Except as provided by this section, a prosecution for a misdemeanor not made punishable by confinement in the penitentiary by statute shall be instituted within one year after the offense was committed.

The majority shrugs off this language as being insufficient to repeal Chapter 695 of the Acts of 1967. I suggest the majority misses the point. Section 5-106 was never intended to repeal anything. The legislature had no intention of changing the law of limitations when it enacted Chapter *625695 — thus it had no intention of repealing that law in 1973. Section 5-106(a) confirms that fact. The Revisor’s Note, which was before the legislature when it adopted § 5-106, offers further confirmation of this understanding. See Chapter 2, § 1, Laws of Maryland, First Special Session 1973, pp. 209-10.

Moreover, if the majority is correct, the “penitentiary” language of § 5-106(a) has absolutely no meaning, purpose, or effect. We do not generally ascribe to the legislature an intent to do a meaningless act. “Results that are unreasonable, illogical, or that are at odds with the legislative purpose should be avoided.” Harford County v.
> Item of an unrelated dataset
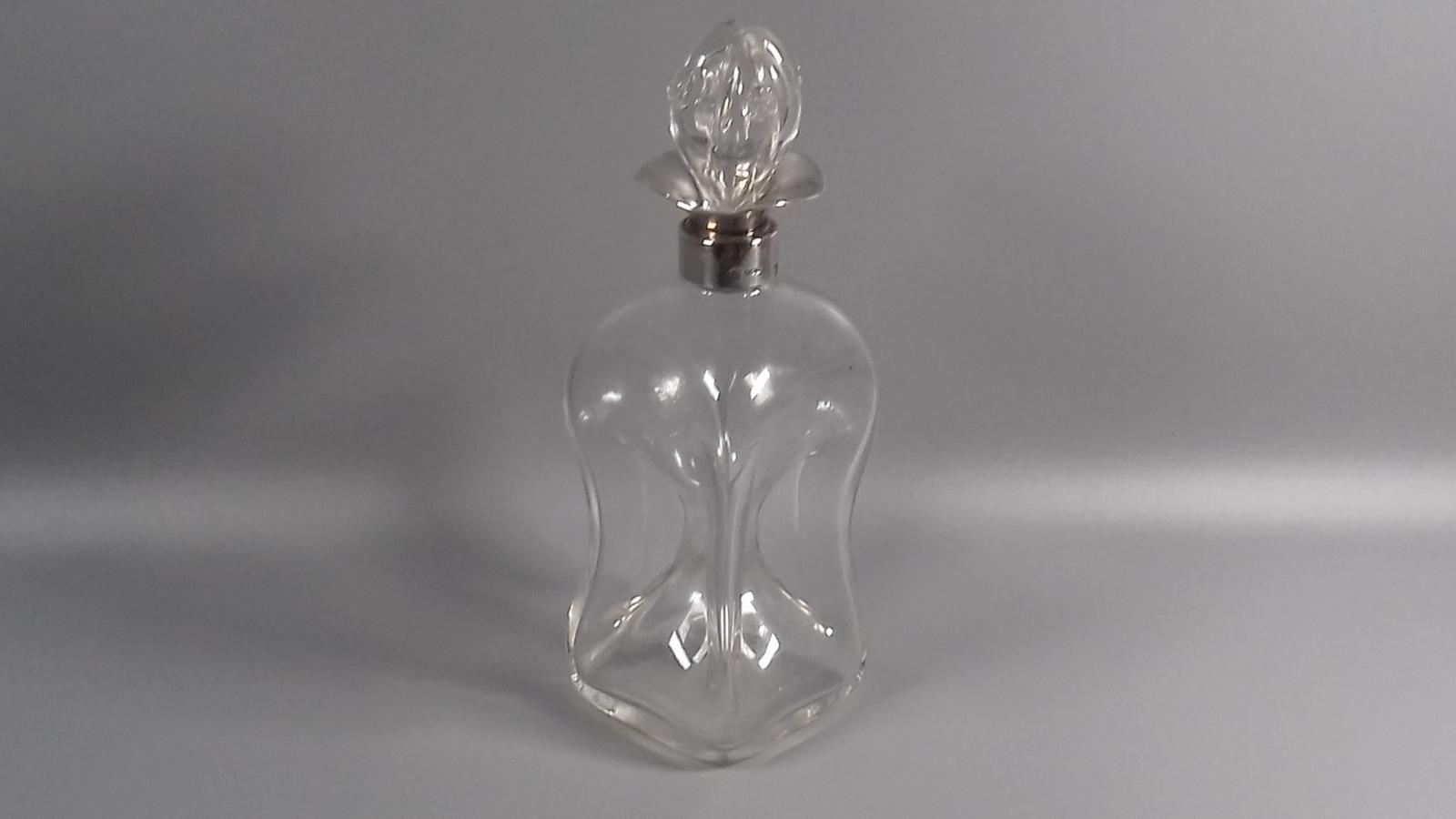 Art Nouveau Sterling Silver Mount Glass Large Glug Spirit Decanter Bottle 1904

Edgewater, 316 Md. 389, 397, 558 A.2d 1219 (1989).

Chapter 695 of the Acts of 1967 did exactly what it was intended to do. It accomplished the correctional reforms that had been recommended to the legislature. The enactment of § 690(d) of Article 27 (now § 690(e)) was intended to affect the penitentiary language contained in other provisions of Article 27 only with respect to matters of sentencing, the authority of the Department of Correction, and places of confinement. It was not intended to, and did not, have any effect on the penitentiary language contained in other provisions of Article 27 as that language related to the applicable period of limitations.

I would affirm the judgment of the Court of Special Appeals.